## WHAT THE EXERCISE ASKS
A verbatim copy is needed of the lines below from the one containing "Acrylic clear w/glitter" up to and including the one containing "Boulevard Batumi расположен", excluding pictures.

## GIVEN ENTRIES
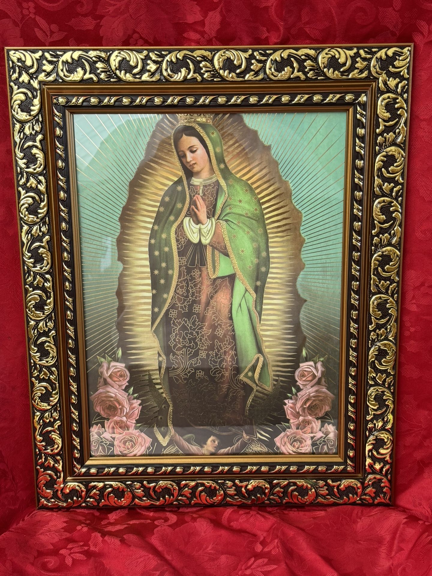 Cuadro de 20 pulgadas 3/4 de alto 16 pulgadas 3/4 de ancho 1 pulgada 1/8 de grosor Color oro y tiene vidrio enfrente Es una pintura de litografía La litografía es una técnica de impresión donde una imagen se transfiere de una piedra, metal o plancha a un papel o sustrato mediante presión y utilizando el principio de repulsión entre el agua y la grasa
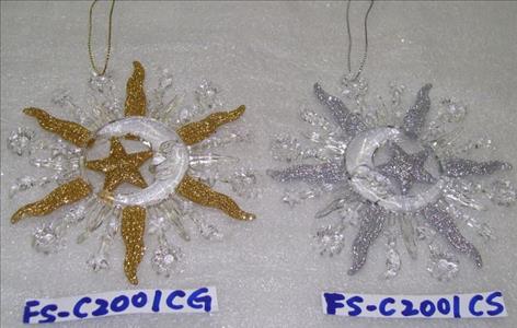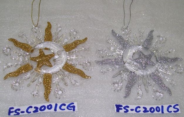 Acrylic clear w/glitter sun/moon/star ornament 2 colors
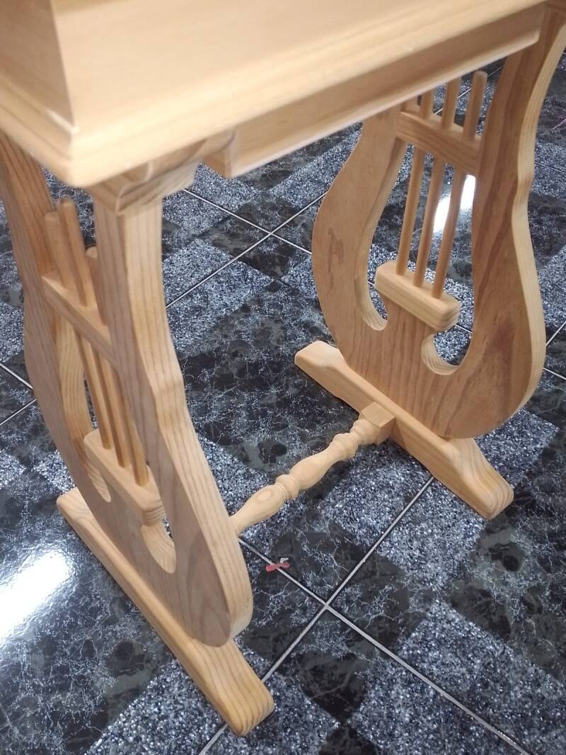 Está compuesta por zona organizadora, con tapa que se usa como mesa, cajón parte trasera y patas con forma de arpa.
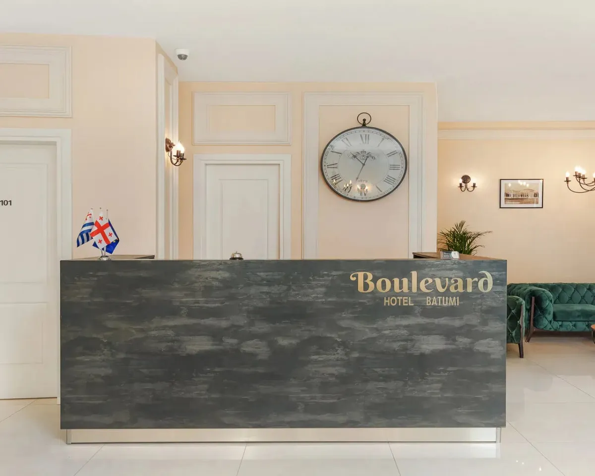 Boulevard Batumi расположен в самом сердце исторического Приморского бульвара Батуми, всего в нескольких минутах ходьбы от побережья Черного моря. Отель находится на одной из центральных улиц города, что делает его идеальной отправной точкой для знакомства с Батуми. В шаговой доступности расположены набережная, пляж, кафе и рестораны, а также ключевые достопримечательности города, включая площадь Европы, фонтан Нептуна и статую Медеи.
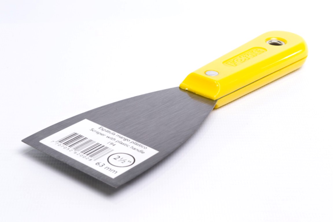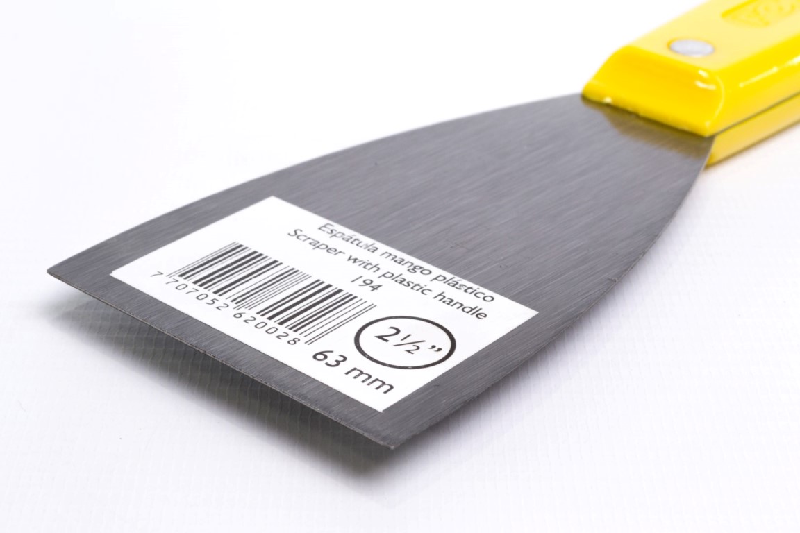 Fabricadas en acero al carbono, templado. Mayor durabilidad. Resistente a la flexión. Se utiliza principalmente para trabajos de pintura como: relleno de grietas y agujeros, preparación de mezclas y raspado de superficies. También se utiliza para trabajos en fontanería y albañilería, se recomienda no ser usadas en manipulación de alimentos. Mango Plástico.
--
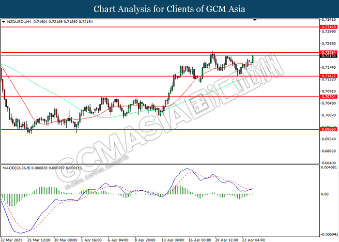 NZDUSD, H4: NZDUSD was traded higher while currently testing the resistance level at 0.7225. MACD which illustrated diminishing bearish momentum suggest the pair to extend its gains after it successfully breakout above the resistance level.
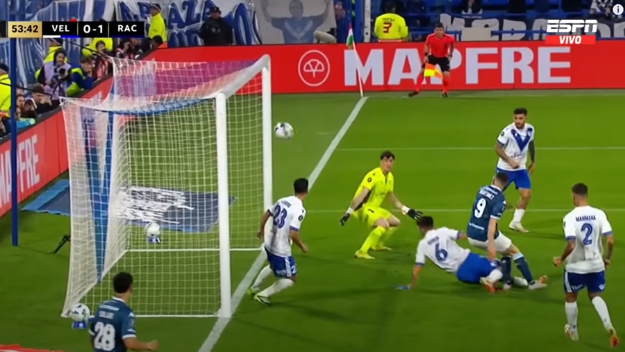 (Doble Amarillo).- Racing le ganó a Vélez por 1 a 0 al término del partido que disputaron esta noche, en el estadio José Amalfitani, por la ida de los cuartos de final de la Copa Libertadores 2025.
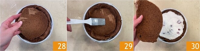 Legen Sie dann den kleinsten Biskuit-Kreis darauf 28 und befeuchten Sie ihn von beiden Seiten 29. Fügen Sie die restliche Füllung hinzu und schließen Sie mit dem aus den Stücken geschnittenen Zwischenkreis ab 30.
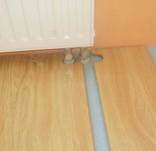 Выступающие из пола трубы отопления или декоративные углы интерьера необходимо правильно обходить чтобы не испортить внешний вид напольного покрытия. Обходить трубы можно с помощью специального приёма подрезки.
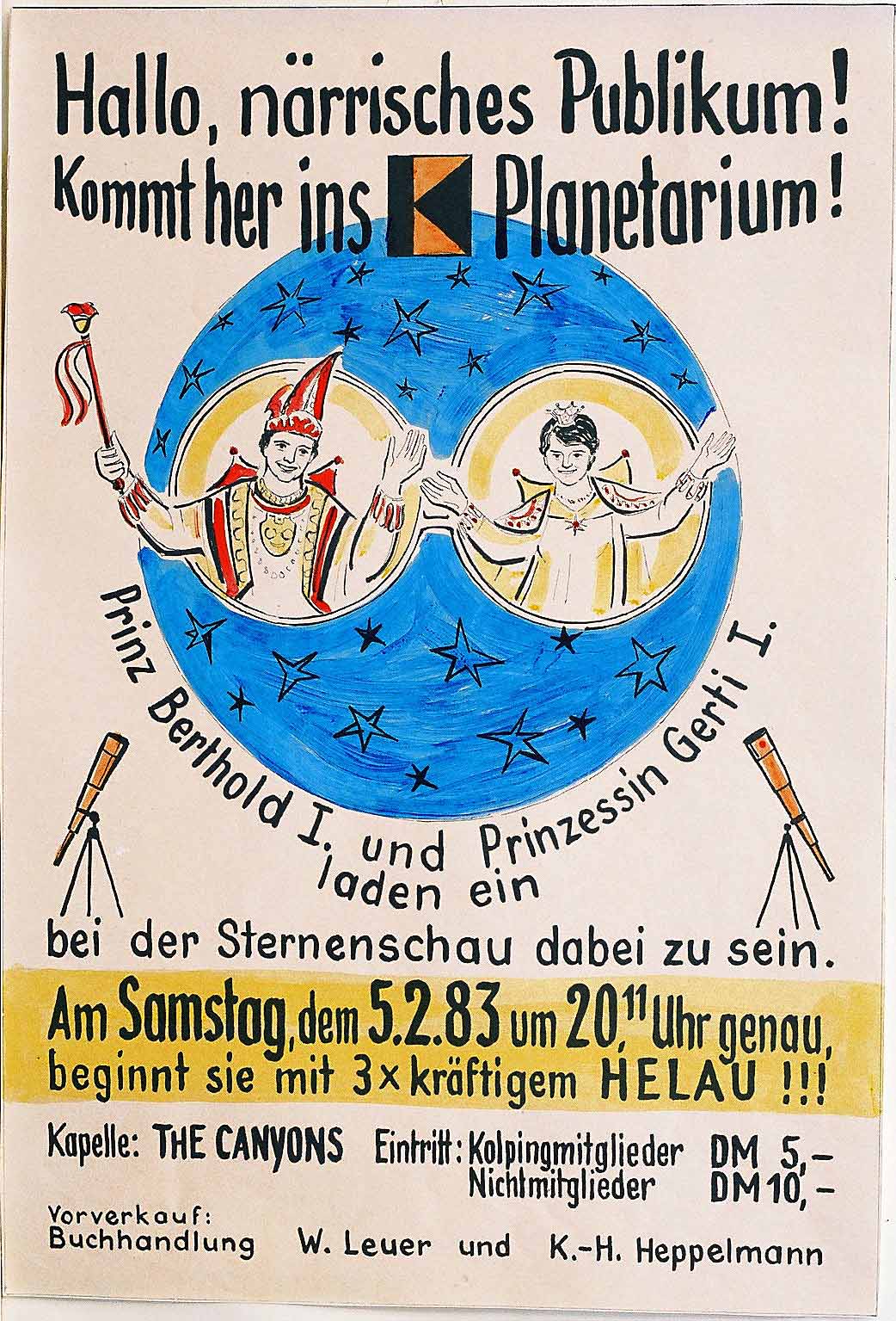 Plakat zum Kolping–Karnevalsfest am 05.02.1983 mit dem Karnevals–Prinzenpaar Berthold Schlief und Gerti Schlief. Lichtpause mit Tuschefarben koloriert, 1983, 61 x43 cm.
---
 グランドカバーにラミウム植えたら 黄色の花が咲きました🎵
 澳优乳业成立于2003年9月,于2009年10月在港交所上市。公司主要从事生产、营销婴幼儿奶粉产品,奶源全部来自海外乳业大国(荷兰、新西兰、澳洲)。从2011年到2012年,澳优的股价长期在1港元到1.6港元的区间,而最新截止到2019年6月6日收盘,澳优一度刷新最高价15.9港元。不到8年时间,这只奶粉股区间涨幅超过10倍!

## OUTPUT OF THE EXERCISE
 Acrylic clear w/glitter sun/moon/star ornament 2 colors
 Está compuesta por zona organizadora, con tapa que se usa como mesa, cajón parte trasera y patas con forma de arpa.
 Boulevard Batumi расположен в самом сердце исторического Приморского бульвара Батуми, всего в нескольких минутах ходьбы от побережья Черного моря. Отель находится на одной из центральных улиц города, что делает его идеальной отправной точкой для знакомства с Батуми. В шаговой доступности расположены набережная, пляж, кафе и рестораны, а также ключевые достопримечательности города, включая площадь Европы, фонтан Нептуна и статую Медеи.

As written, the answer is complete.